Der Behandlungsvertrag zwischen Patienten und Krankenhaus ist ein gemischter Vertrag sui generis, der auch Elemente eines Werkvertrags enthalten kann. Vor dem Hintergrund, dass die Operation der Klägerin ohne gehörige Vorbereitung nicht wie geplant durchgeführt werden konnte, erübrigen sich weitere rechtliche Überlegungen, ob der Behandlungsvertrag nach dem Scheitern des geplanten Operationstermins hinfällig war oder ob es eines Rücktritts einer Partei unter Nachfristsetzung bedurft hätte oder ob bei aufrechtem Behandlungsvertrag von den Parteien nur ein neuer Operationstermin zu vereinbaren gewesen wäre. Für das (mangelnde) Bestehen der auf die Verzögerung der Operation gestützten Klageforderung ist nur relevant, dass nach den Feststellungen die Operation der Klägerin an einem neuen Termin im Krankenhaus der Beklagten aus terminlichen Gründen nicht vor der von der Klägerin in einem anderen Krankenhaus vorgenommenen Operation hätte durchgeführt werden können.
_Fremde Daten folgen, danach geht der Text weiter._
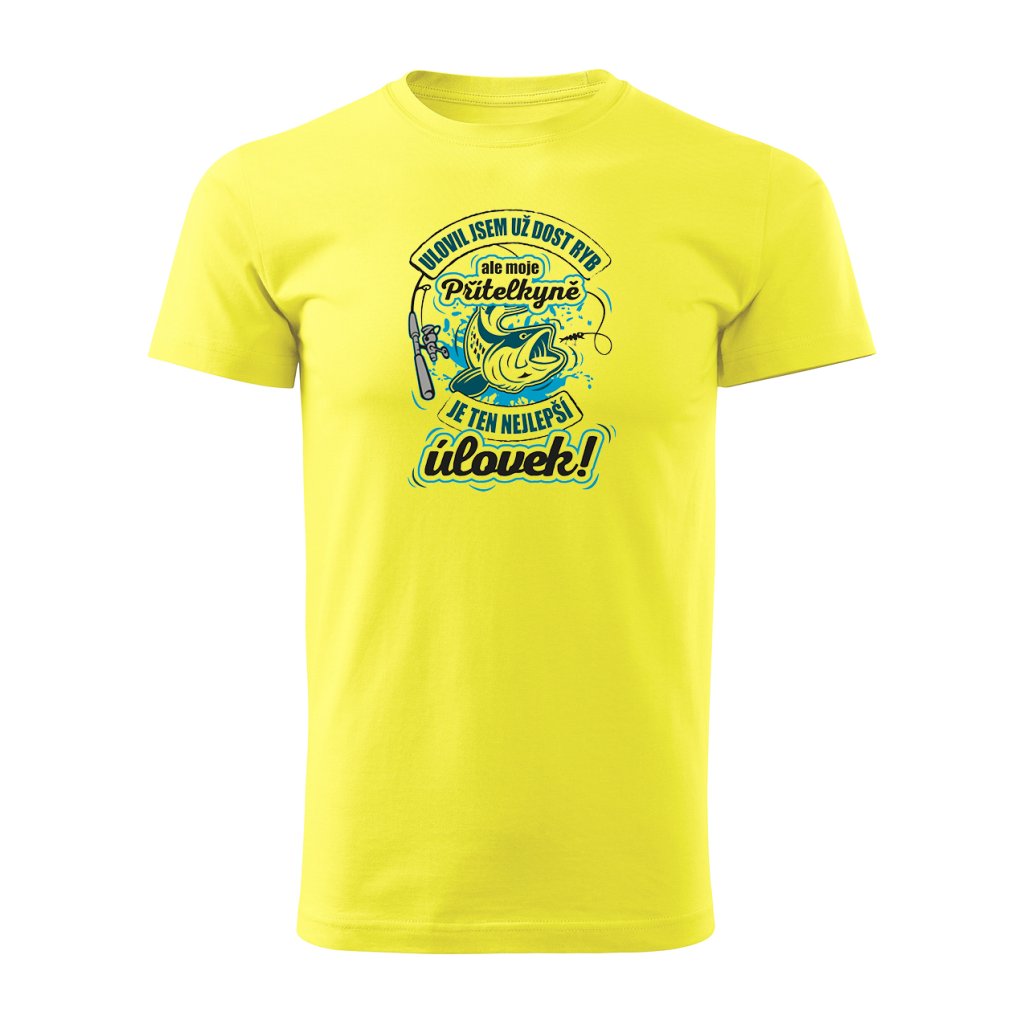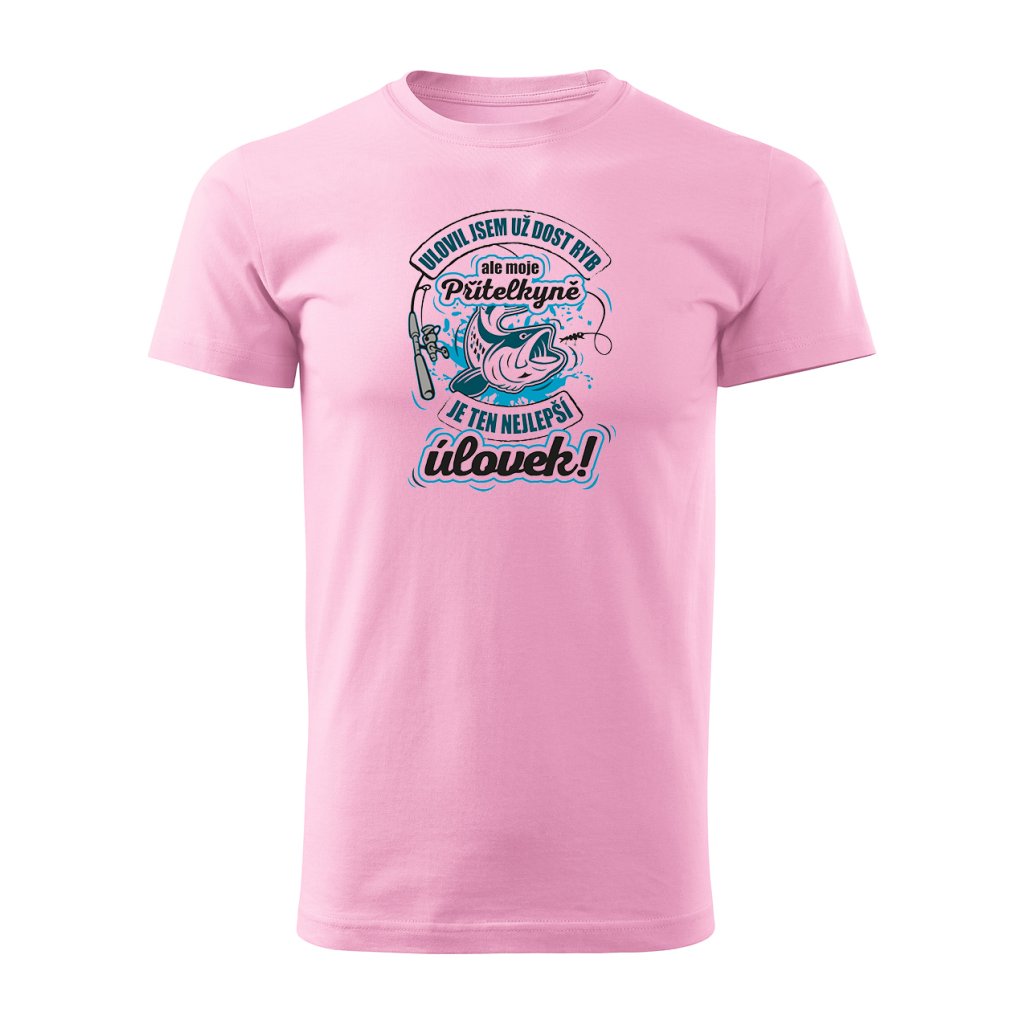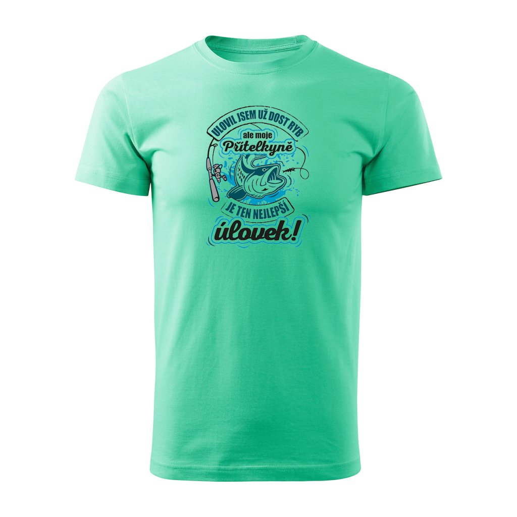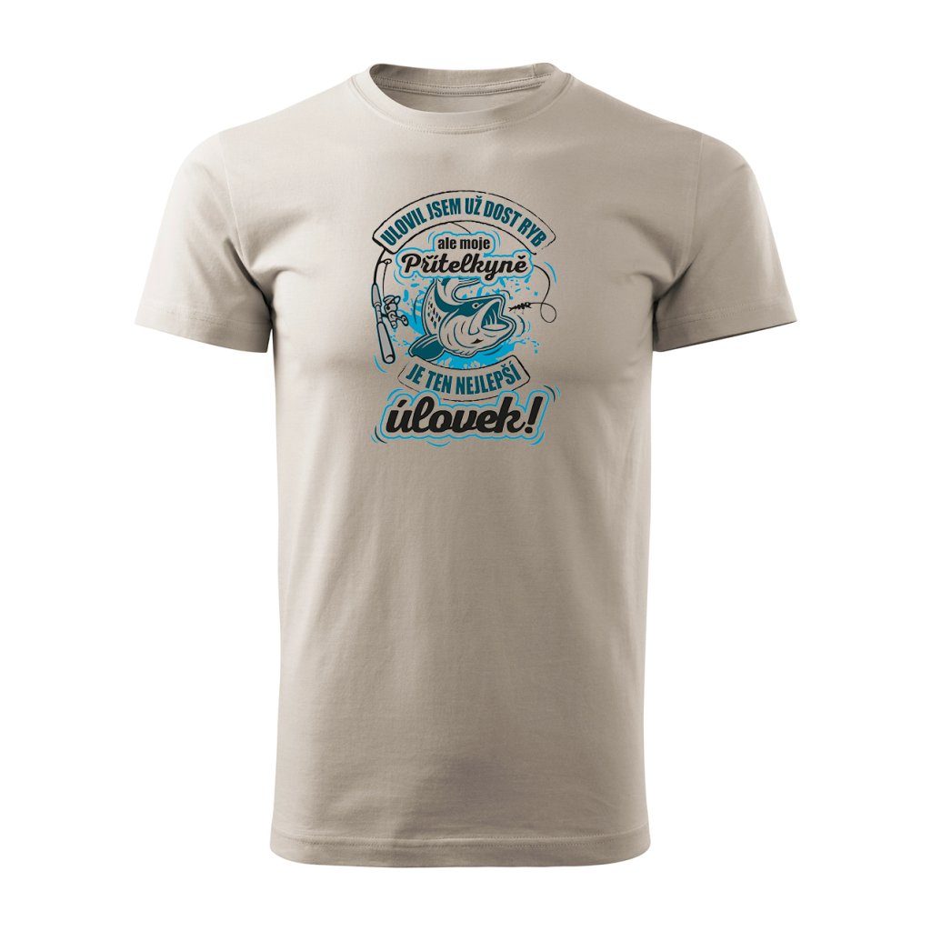 Stylové pánské tričko s luxusním rybářským motivem a vtipným textem "Ulovil jsem už dost ryb, ale moje přítelkyně je ten nejlepší úlovek!", pro všechny zadané rybáře.

Da die ursprünglich geplante Operation infolge Abwesenheit der Klägerin von der Operationsvorbereitung nicht durchführbar war, ohne dass dies der Beklagten nach der Lage des Falls angelastet werden kann, können der Beklagten auch nicht die aus der Verschiebung der Operation resultierenden Schmerzen und finanziellen Aufwendungen der Klägerin als ersatzfähiger Schaden zugerechnet werden.